Recorded data:
+===+

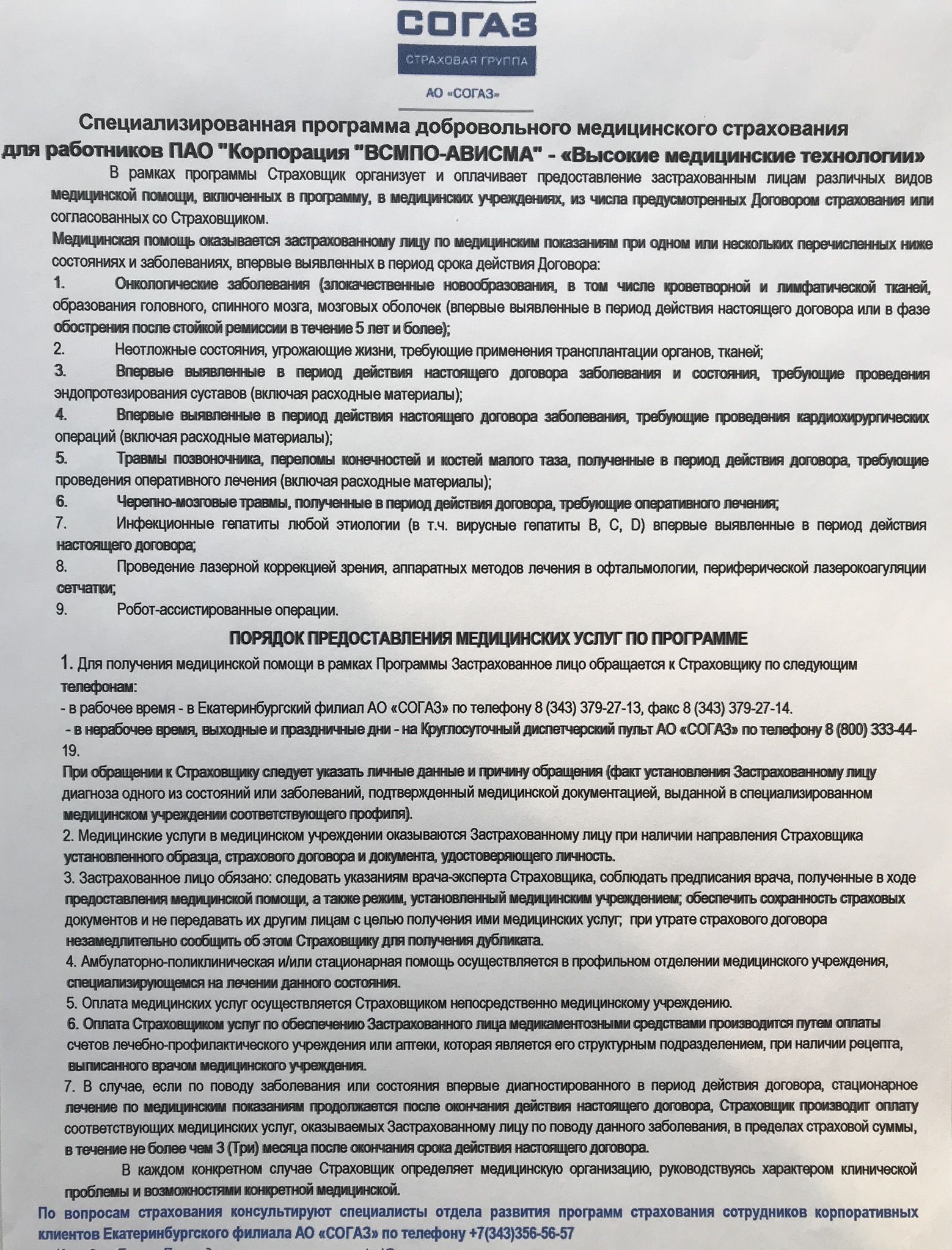 В каждом цехе есть уполномоченный по социальным вопросам, он занимается страхованием от Согаза. Застраховаться могут работники ВСМПО и члены их семей. 1500 руб - программа ДМС «Высокие медицинские технологии» 840 руб - страхование от несчасных случаев и болезни (входит энцефалит и болезнь Лайма) Также предусмотрена рассрочка платежа на 5 месяцев спасибо. |
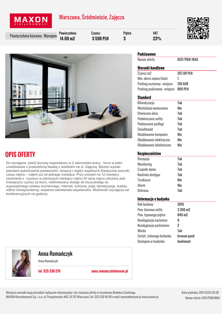 Warszawa, Śródmieście, Zajęcza Powierzchnia biurowa - Wynajem Powierzchnia 14.00 m2 Czynsz 3 598 PLN Piętro VAT 3 23% Podstawowe Numer oferty 6121/PBW/MAX Warunki handlowe Czynsz m2 257.00 PLN Min. okres najmu (lata) 1 Parking naziemny - miejsce 130 EUR Parking podziemny - miejsce 800 PLN Standard Klimatyzacja Tak Wentylacja wymuszona Nie Otwierane okna Tak Podwieszane sufity Tak Podnoszone podłogi Tak Światłowód Tak Okablowanie komputer. Nie Okablowanie elektryczne Nie Okablowanie telefoniczne Nie OPIS OFERTY Bezpieczeństwo Do wynajęcia pokój biurowy wyposażony w 2 stanowiska pracy , biuro w pełni umeblowane z przeszkloną fasadą z widokiem na ul. Zajęczą. Bardzo wysoki standard wykończenia powierzchni, recepcji i części wspólnych.Elastyczne warunki czasu najmu – najem już od jednego miesiąca. Przy umowie na 12 miesięcy zwolnienie z czynszu w pierwszym miesiącu najmu.W cenę najmu wliczony jest: miesięczny czynsz za biuro, nielimitowany dostęp do biura,dostęp do wyposażonego aneksu kuchennego, internet, ochrona, prąd, klimatyzacja, toalety, odbiór korespondencji, wsparcie sekretarsko-asystenckie. Możliwość wynajęcia sal konferencyjnych na godziny. Recepcja Tak Monitoring Tak Czujniki dymu Tak Kontrola dostępu Tak Tryskacze Nie Alarm Nie Ochrona Tak Informacje o budynku Rok budowy 2015 Pow. biurowa netto 3 356 m2 Pow. typowego piętra 840 m2 Kondygnacje naziemne 6 Kondygnacje podziemne 2 Winda Tak Certyf. zielonego budynku breeam good Dostępne w budynku bankomat Anna Romańczyk Anna Romańczyk tel. 525 230 270 [email protected] Niniejsze warunki mają charakter wyłącznie informacyjny i nie stanowią oferty w rozumieniu Kodeksu Cywilnego. MAXON Nieruchomości Sp. z o o. ul. Powązkowska 44C, 01-797 Warszawa Tel: (22) 530 60 00 e-mail: [email protected] www.maxon.pl Data wydruku: 2017-03-02 05:30 Numer oferty: 6121/PBW/MAX
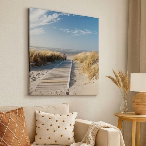 Motivet af en **træsti**, der fører gennem klitterne, symboliserer fred, rejser og nærhed til naturen. Det er det perfekte valg for dem, der ønsker at tilføre lidt feriestemning til deres interiør. Dette maleri dekorerer ikke kun, men inspirerer også drømme om rejser og afslapning.

+===+

Required work:
When copying the listing, skip the pictures and keep each line exactly as written.

Answer for the task:
 В каждом цехе есть уполномоченный по социальным вопросам, он занимается страхованием от Согаза. Застраховаться могут работники ВСМПО и члены их семей. 1500 руб - программа ДМС «Высокие медицинские технологии» 840 руб - страхование от несчасных случаев и болезни (входит энцефалит и болезнь Лайма) Также предусмотрена рассрочка платежа на 5 месяцев спасибо. |
 Warszawa, Śródmieście, Zajęcza Powierzchnia biurowa - Wynajem Powierzchnia 14.00 m2 Czynsz 3 598 PLN Piętro VAT 3 23% Podstawowe Numer oferty 6121/PBW/MAX Warunki handlowe Czynsz m2 257.00 PLN Min. okres najmu (lata) 1 Parking naziemny - miejsce 130 EUR Parking podziemny - miejsce 800 PLN Standard Klimatyzacja Tak Wentylacja wymuszona Nie Otwierane okna Tak Podwieszane sufity Tak Podnoszone podłogi Tak Światłowód Tak Okablowanie komputer. Nie Okablowanie elektryczne Nie Okablowanie telefoniczne Nie OPIS OFERTY Bezpieczeństwo Do wynajęcia pokój biurowy wyposażony w 2 stanowiska pracy , biuro w pełni umeblowane z przeszkloną fasadą z widokiem na ul. Zajęczą. Bardzo wysoki standard wykończenia powierzchni, recepcji i części wspólnych.Elastyczne warunki czasu najmu – najem już od jednego miesiąca. Przy umowie na 12 miesięcy zwolnienie z czynszu w pierwszym miesiącu najmu.W cenę najmu wliczony jest: miesięczny czynsz za biuro, nielimitowany dostęp do biura,dostęp do wyposażonego aneksu kuchennego, internet, ochrona, prąd, klimatyzacja, toalety, odbiór korespondencji, wsparcie sekretarsko-asystenckie. Możliwość wynajęcia sal konferencyjnych na godziny. Recepcja Tak Monitoring Tak Czujniki dymu Tak Kontrola dostępu Tak Tryskacze Nie Alarm Nie Ochrona Tak Informacje o budynku Rok budowy 2015 Pow. biurowa netto 3 356 m2 Pow. typowego piętra 840 m2 Kondygnacje naziemne 6 Kondygnacje podziemne 2 Winda Tak Certyf. zielonego budynku breeam good Dostępne w budynku bankomat Anna Romańczyk Anna Romańczyk tel. 525 230 270 [email protected] Niniejsze warunki mają charakter wyłącznie informacyjny i nie stanowią oferty w rozumieniu Kodeksu Cywilnego. MAXON Nieruchomości Sp. z o o. ul. Powązkowska 44C, 01-797 Warszawa Tel: (22) 530 60 00 e-mail: [email protected] www.maxon.pl Data wydruku: 2017-03-02 05:30 Numer oferty: 6121/PBW/MAX
 Motivet af en **træsti**, der fører gennem klitterne, symboliserer fred, rejser og nærhed til naturen. Det er det perfekte valg for dem, der ønsker at tilføre lidt feriestemning til deres interiør. Dette maleri dekorerer ikke kun, men inspirerer også drømme om rejser og afslapning.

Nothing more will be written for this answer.